Published: 18 June 2023 Publication History

Abstract

Multi-modal data fusion transformer is a deep learning model that integrates information from multiple modalities, such as text, image, audio, etc., to improve performance in various tasks, especially in the remote sensing domain. Recent efforts leverage hyperspectral imaging (HSI) and LiDAR sensors and their complementary information about the target. Remote sensing image classification is inherently a transductive learning problem, requiring repeated model training (e.g., environment monitoring applications where changes occur on a daily or weekly basis). Hyperspectral data is typically high dimensional and massive, and model training can take an impractically long time (several days to weeks).
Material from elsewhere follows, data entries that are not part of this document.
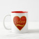 Beautiful red heart outlined in gold with the word "Believe" on a white and red coffee mug, on the other side is a quote from Acts 16.31 which can be changed to your favorite quote on believing. Thoughtful gift idea for a Christian friend Pastor, teacher or new "believer".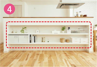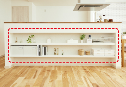 家族で共有するモノがすぐ出し入れできるので、カウンター下に収納スペースがあると便利!
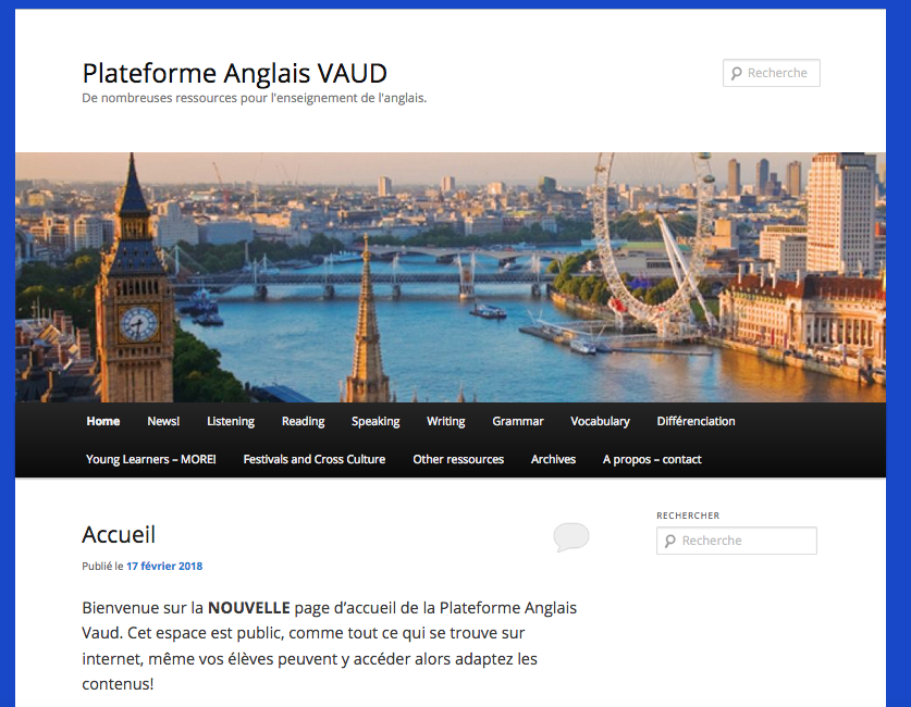 Plateforme de ressources numériques pour les enseignants d'anglais du canton de Vaud. Vous y trouverez des ressources (sites internet, documents) pour les 4 compétences ainsi que pour travailler les outils (voc, grammaire, prononciation). Il y a également quelques exemples d'exercices ou d (...)

By reducing training time, it becomes possible to process larger amounts of data and develop more efficient and accurate models. In this paper, we introduce a novel distributed training architecture, DAFTA, which addresses the challenges associated with the processing of large multi-modal remote sensing data. DAFTA is enabled to handle any combination of remote sensing modalities. Additionally, we leverage the similarity of the feature space to optimize the training process and achieve the training with a reduced data set which is equivalent to a complete data set. The proposed approach provides a systematic and efficient method for managing large remote sensing data and enables accurate and timely insights for various applications such as agriculture and infrastructure development. We conduct experiments on two real-world data sets of remotely-sensed images. Our results validate the efficacy of the proposed distributed training approach by achieving a speed-up in the range of 5x without compromising the accuracy, thus making it more practical for real-world applications.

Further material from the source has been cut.